[PROVIDED INFORMATION Boundary: Start]

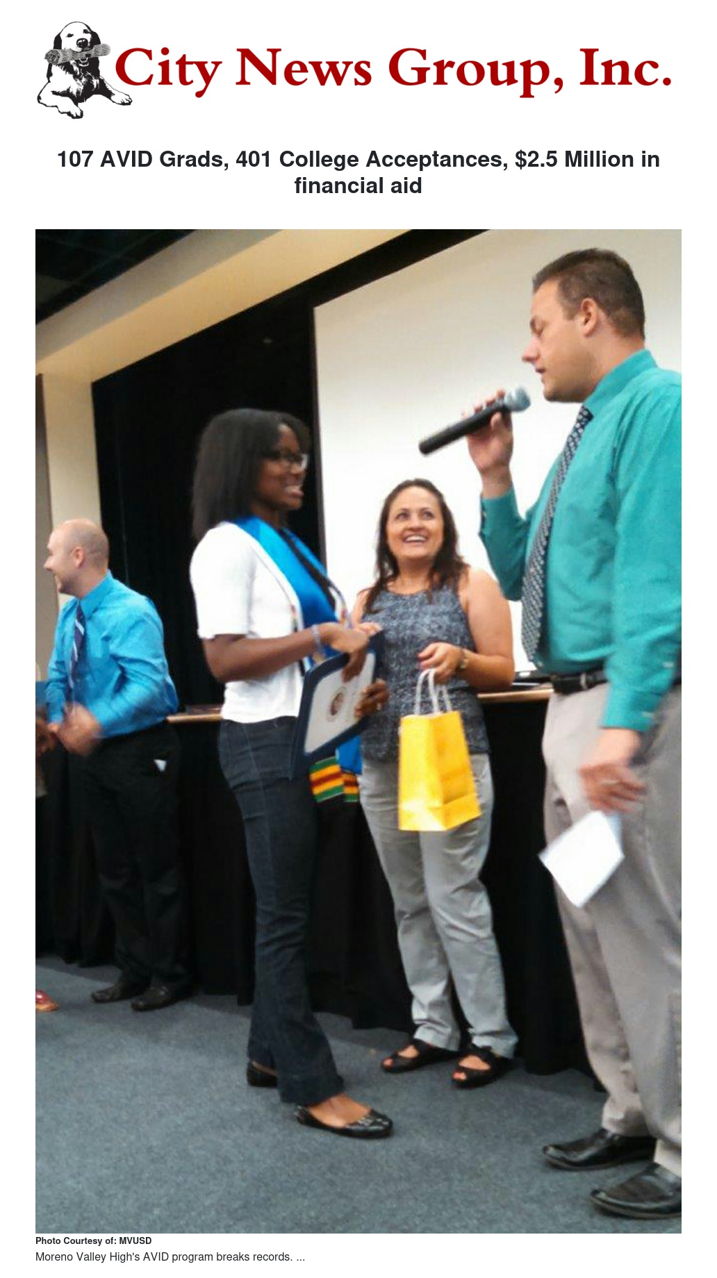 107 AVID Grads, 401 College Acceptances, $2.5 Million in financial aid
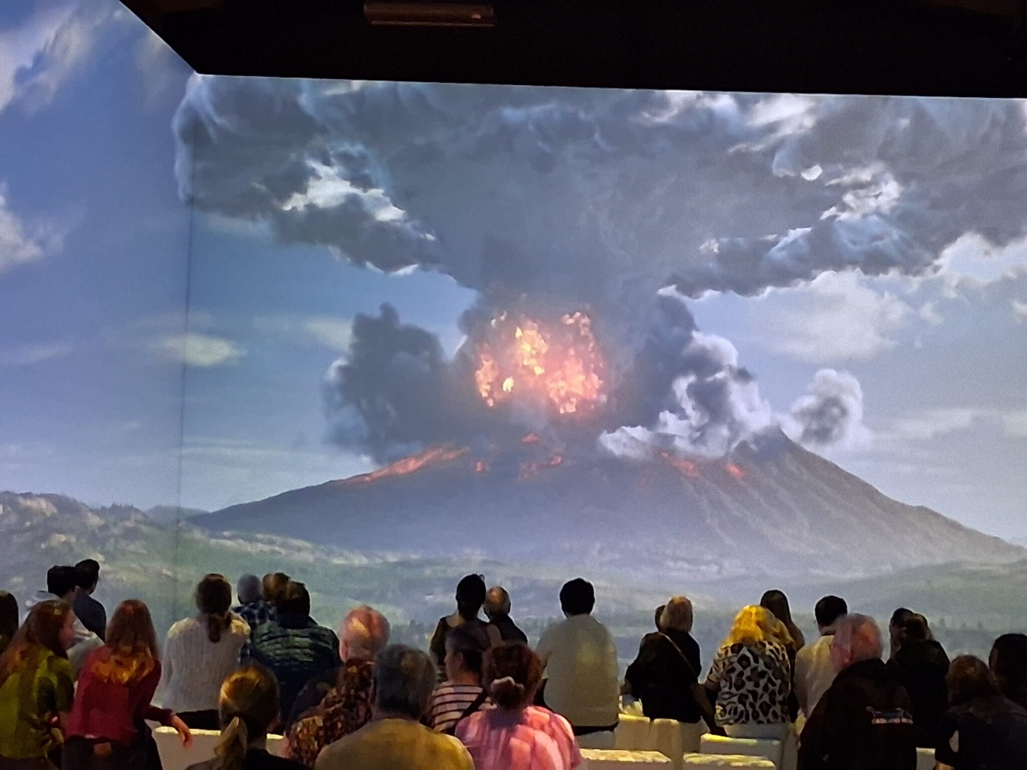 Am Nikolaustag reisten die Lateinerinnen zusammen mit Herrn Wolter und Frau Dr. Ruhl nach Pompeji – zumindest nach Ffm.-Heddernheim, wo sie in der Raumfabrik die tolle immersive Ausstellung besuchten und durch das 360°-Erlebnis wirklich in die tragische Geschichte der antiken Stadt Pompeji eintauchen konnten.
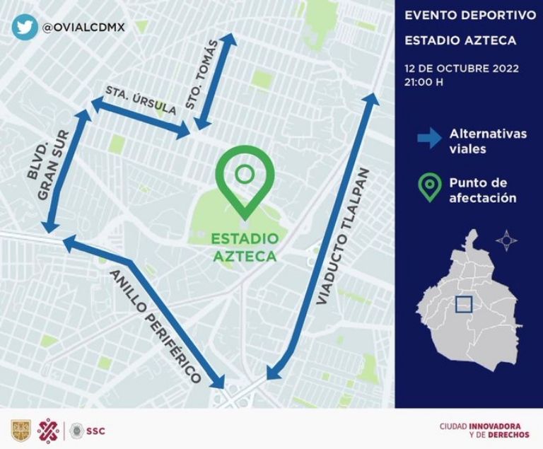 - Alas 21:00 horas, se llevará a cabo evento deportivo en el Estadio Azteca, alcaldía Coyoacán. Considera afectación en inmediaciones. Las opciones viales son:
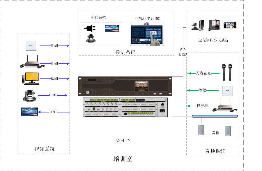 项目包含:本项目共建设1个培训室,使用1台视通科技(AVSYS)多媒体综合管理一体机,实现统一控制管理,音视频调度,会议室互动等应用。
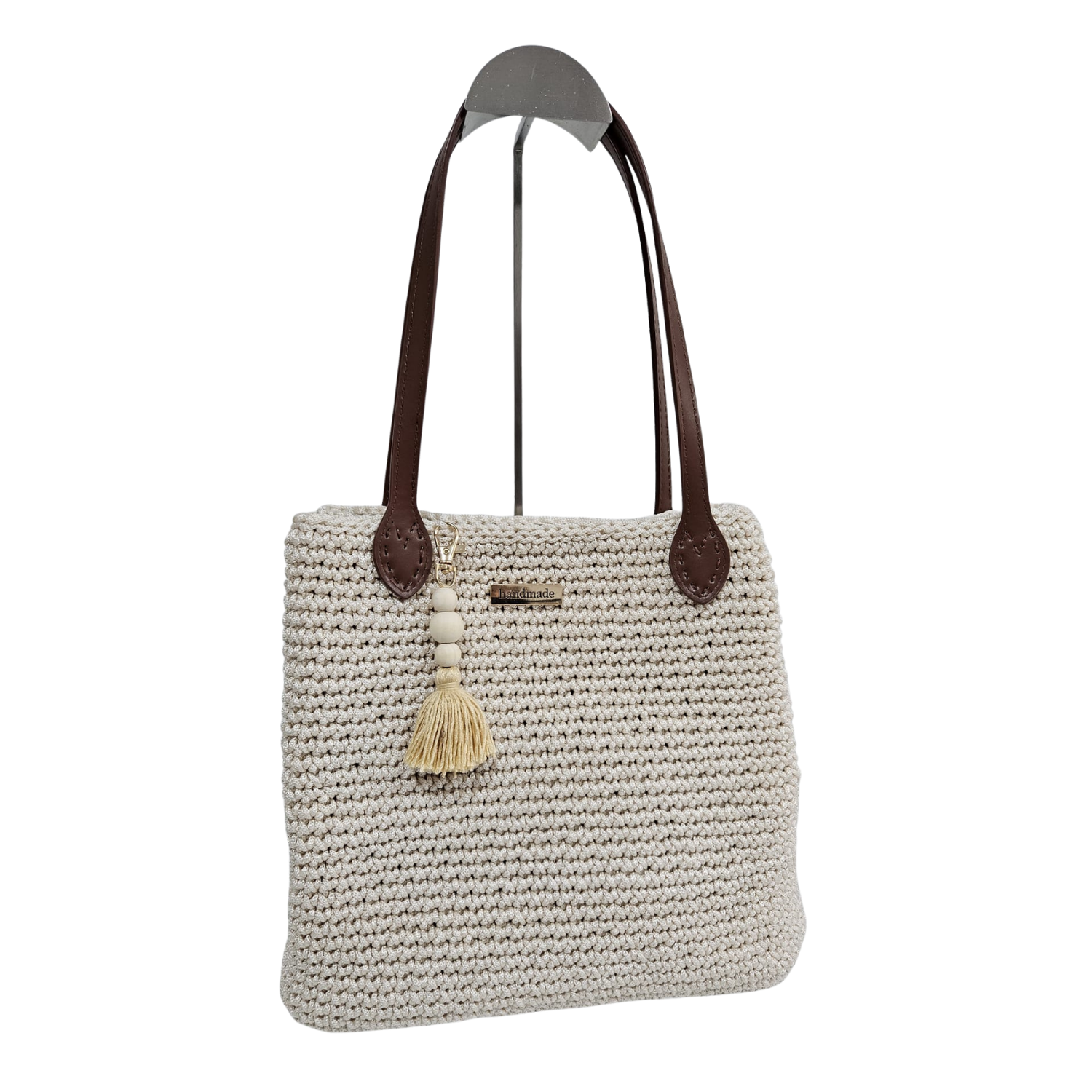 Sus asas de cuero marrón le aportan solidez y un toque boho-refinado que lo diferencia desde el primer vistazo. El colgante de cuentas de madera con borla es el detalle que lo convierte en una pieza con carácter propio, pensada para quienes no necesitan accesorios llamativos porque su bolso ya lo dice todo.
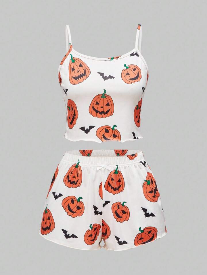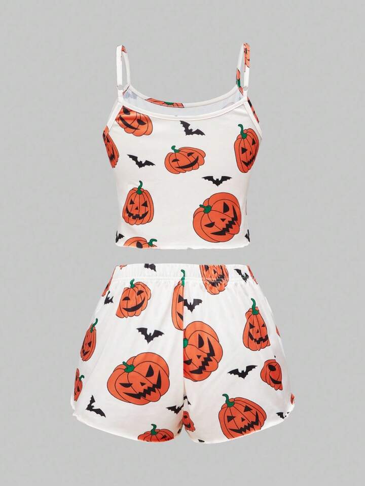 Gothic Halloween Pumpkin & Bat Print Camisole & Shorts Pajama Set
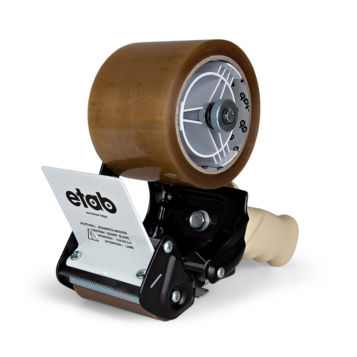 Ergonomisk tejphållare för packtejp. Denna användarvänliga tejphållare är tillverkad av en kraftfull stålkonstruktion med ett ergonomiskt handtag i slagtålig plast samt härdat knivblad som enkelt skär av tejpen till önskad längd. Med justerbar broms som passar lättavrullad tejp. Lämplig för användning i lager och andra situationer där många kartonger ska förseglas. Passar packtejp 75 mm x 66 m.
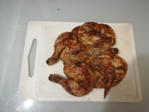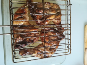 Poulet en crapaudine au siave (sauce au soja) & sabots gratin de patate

[PROVIDED INFORMATION Boundary: End]

WHAT THE TASK REQUIRES: An exact reprint of the records above is required, with all pictures left out.

OUTPUT OF THE EXERCISE:
 107 AVID Grads, 401 College Acceptances, $2.5 Million in financial aid
 Am Nikolaustag reisten die Lateinerinnen zusammen mit Herrn Wolter und Frau Dr. Ruhl nach Pompeji – zumindest nach Ffm.-Heddernheim, wo sie in der Raumfabrik die tolle immersive Ausstellung besuchten und durch das 360°-Erlebnis wirklich in die tragische Geschichte der antiken Stadt Pompeji eintauchen konnten.
 - Alas 21:00 horas, se llevará a cabo evento deportivo en el Estadio Azteca, alcaldía Coyoacán. Considera afectación en inmediaciones. Las opciones viales son:
 项目包含:本项目共建设1个培训室,使用1台视通科技(AVSYS)多媒体综合管理一体机,实现统一控制管理,音视频调度,会议室互动等应用。
 Sus asas de cuero marrón le aportan solidez y un toque boho-refinado que lo diferencia desde el primer vistazo. El colgante de cuentas de madera con borla es el detalle que lo convierte en una pieza con carácter propio, pensada para quienes no necesitan accesorios llamativos porque su bolso ya lo dice todo.
 Gothic Halloween Pumpkin & Bat Print Camisole & Shorts Pajama Set
 Ergonomisk tejphållare för packtejp. Denna användarvänliga tejphållare är tillverkad av en kraftfull stålkonstruktion med ett ergonomiskt handtag i slagtålig plast samt härdat knivblad som enkelt skär av tejpen till önskad längd. Med justerbar broms som passar lättavrullad tejp. Lämplig för användning i lager och andra situationer där många kartonger ska förseglas. Passar packtejp 75 mm x 66 m.
 Poulet en crapaudine au siave (sauce au soja) & sabots gratin de patate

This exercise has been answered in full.